If the law is irrelevant, accountability is non-existent

In response to White House’s Pfeiffer Does ‘Full Monty’ (Python) on Obama Scandals:

Conservatives, libertarians, and especially the Tea Party are often accused by liberals of “hating the government.”  We don’t hate it.  Besides being jealous of our liberties, as the Founding Fathers advised, and deeply skeptical of Big Government’s performance over the past few decades, we just want the same level of accountability we would expect from any private enterprise we do business with.  And you’re not going to see any business executives or their flacks trotting onto a full dance card of Sunday shows to declare “the law is irrelevant,” or sneer at the people who dare to question them, as Dan Pfeiffer did today.

The private sector knows such an attitude would provoke public outrage.  They might behave in ways that disdain, or even break, the law – that’s why we have courts and regulatory agencies.  But they don’t generally respond to criticism with a snotty dismissal of the uppity peons who absurdly dare to question them. 

That’s partly because private sector big shots know the media would love to drag them onto the headlines and pillory them for saying such things, and government regulators tend to regard chest-thumping about puny little laws as an invitation for enhanced scrutiny.  It’s also because there is only one guaranteed way to secure true accountability from any large organization: refuse to do business with them.  That’s an option the peons have with even the mightiest corporations, but not with the omnipresent State.  

Remember, early in the 2012 campaign, when Mitt Romney said he liked being able to fire people who give him bad service?  The low-wattage Left tried to edit that quote to make Romney look like a hybrid of the Grinch, Scrooge, and Darth Vader, getting his jollies by handing out pink slips.  But the full and clear meaning of his quote didn’t really sit any better with the more honest liberals.  They know exactly what Romney was talking about – he was specifically referring to the difference between dealing with your choice of insurance companies versus the soul-crushing ObamaCare bureaucracy.  The inescapable nature of government power is part of its romantic allure to the Left.  Disgruntled clients of the central State don’t get to walk away.  At most, they become players in a political game held only once every few years, and they’re not allowed to win, because even the worst Big Government programs never get repealed.
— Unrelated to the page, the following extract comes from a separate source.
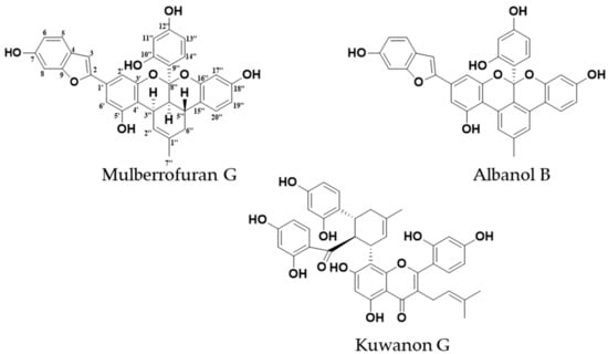 - Wei, H.; Zhu, J.-J.; Liu, X.-Q.; Feng, W.-H.; Wang, Z.-M.; Yan, L.-H. Review of bioactive compounds from root barks of Morus plants (Sang-Bai-Pi) and their pharmacological effects. Cogent Chem. 2016, 2, 1212320. [Google Scholar] [CrossRef]
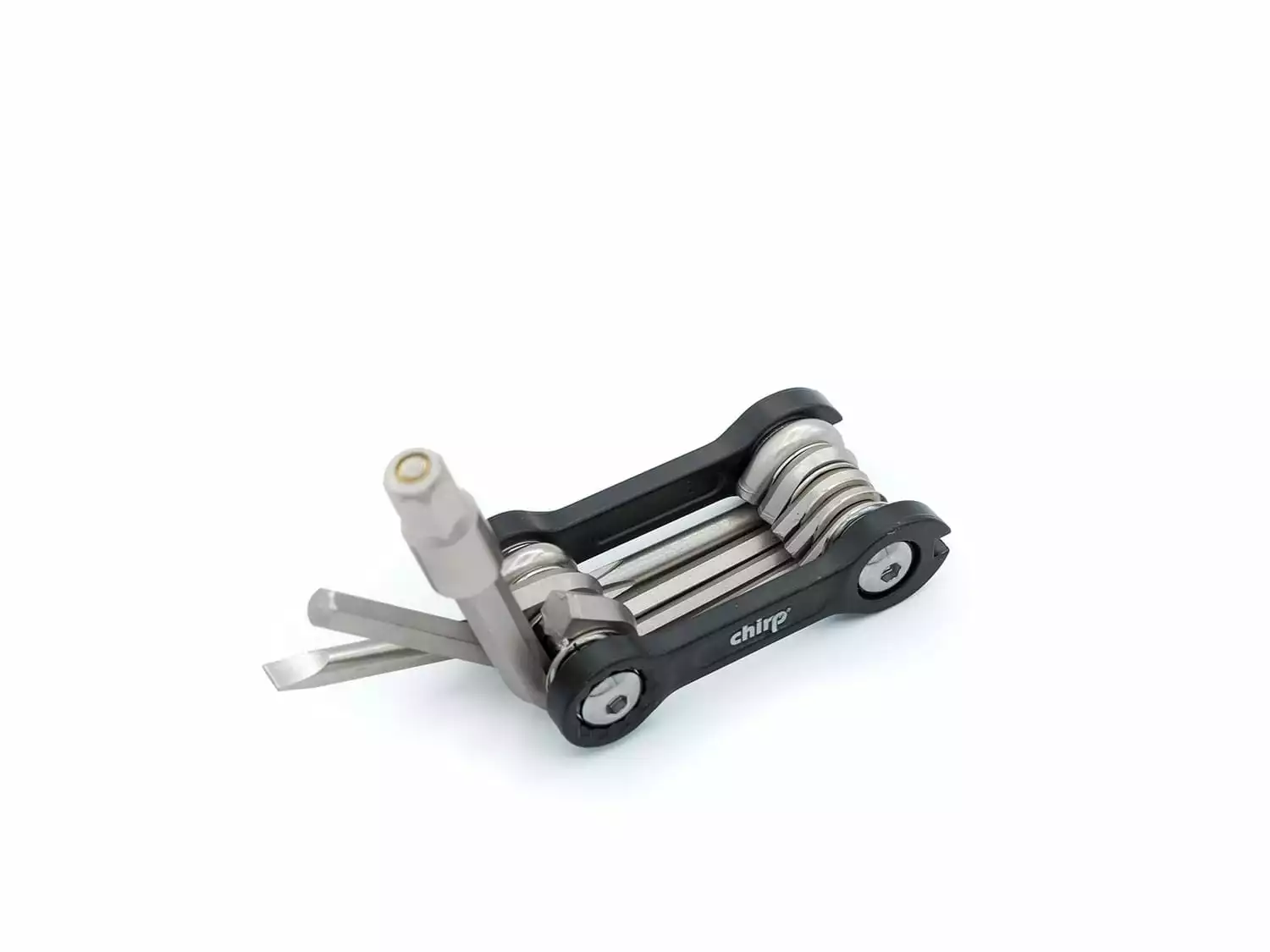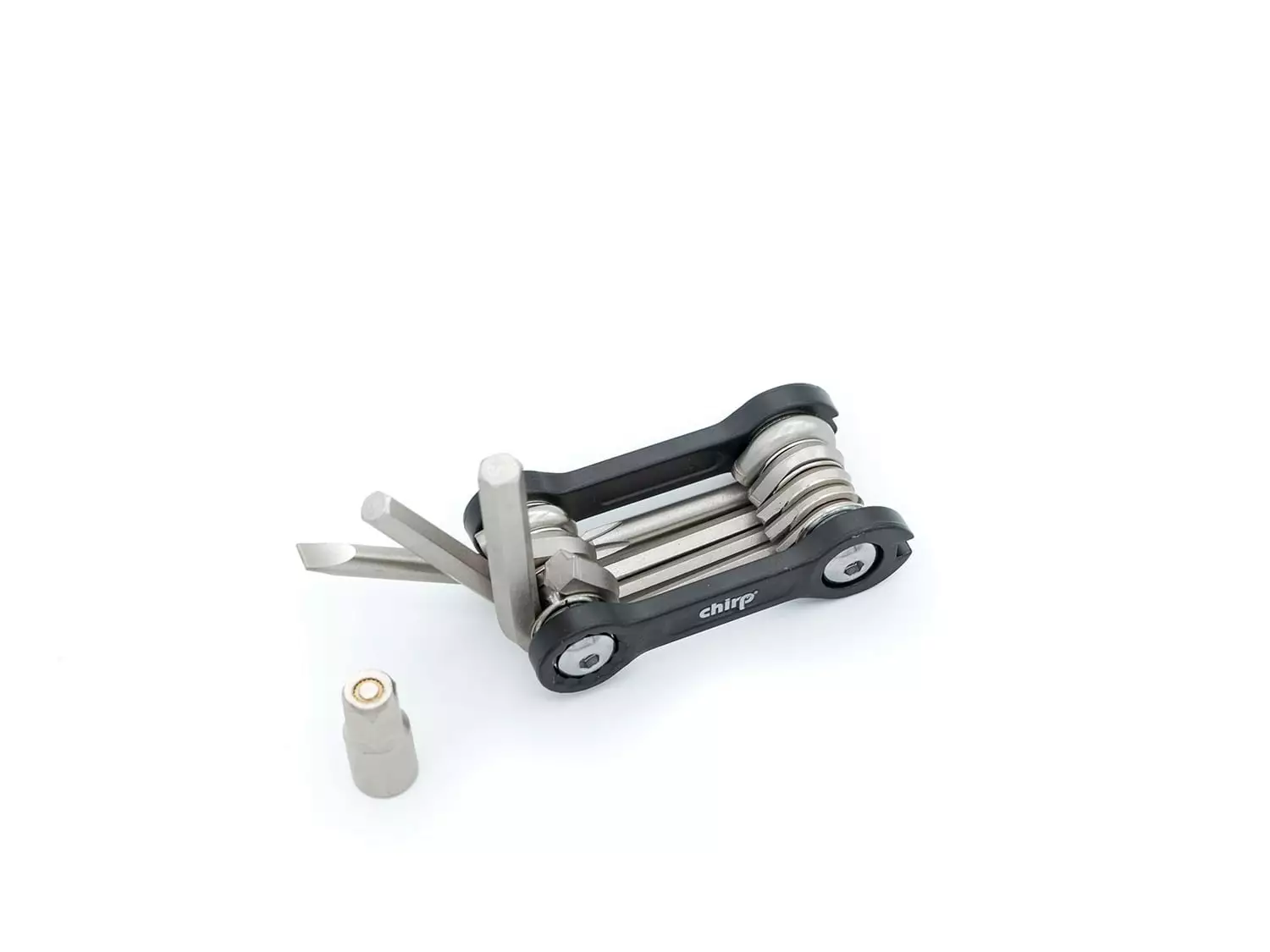 Perfekt für die Jackentasche: Das super-kompakte Pocket-Tool von Chirp Bike Parts. Insgesamt 10 Funktionen zum Festziehen und Lösen der gängigsten Schraubverbindunge

Obama has made an abject joke of “accountability,” although he still loves to throw the word around, because he knows people tend to believe politicians care about anything they mention frequently.  You can’t have accountability when arrogant aristocrats get to decide which laws they feel like obeying.  You can’t hold Obama’s feet to the fire when his loyal Party controls one house of Congress.  You can’t make him answer questions like “What were you doing on the night of September 11, 2012?” unless the media is willing to hound him relentlessly, and feed outrage back to the public.  The media helped him stuff all his skeletons in the closet and keep the door nailed shut until he got through the last election he’ll ever have to face.  They disconnected him so thoroughly from the actions of his Administration, and the results of his policies, that much of the public has no expectations of him whatsoever.  He’s pretty sure he can wear any scandal down until it’s time for his flacks to declare it “old news.”  

We’re often advised to take comfort in knowing we can hold politicians accountable at the ballot box.  What a foolish notion!  A government this large has countless ways to change the subject of any national conversation, and unless a massive scandal blows open right before Election Day, politicians can be reasonably confident they won’t be judged on the basis of whatever has people riled up months or years earlier.  At any rate, you’ll never get to cast a vote against the titanic bureaucracy, to which Congress has delegated much of its power.  It’s difficult to tie that bureaucracy to any single elected official.  Unless a highly improbable smoking-gun memo or brutally frank testimony under oath ties Obama to these corrupt IRS officials, does anyone really think the 2016 election will hinge on his IRS appointments, or those he makes to any other agency?

The only way to gain the respect of any large organization, public or private, is to make it believe it must earn and retain your business.  Otherwise, accountability and responsibility are merely chips of uncertain value on a poker table.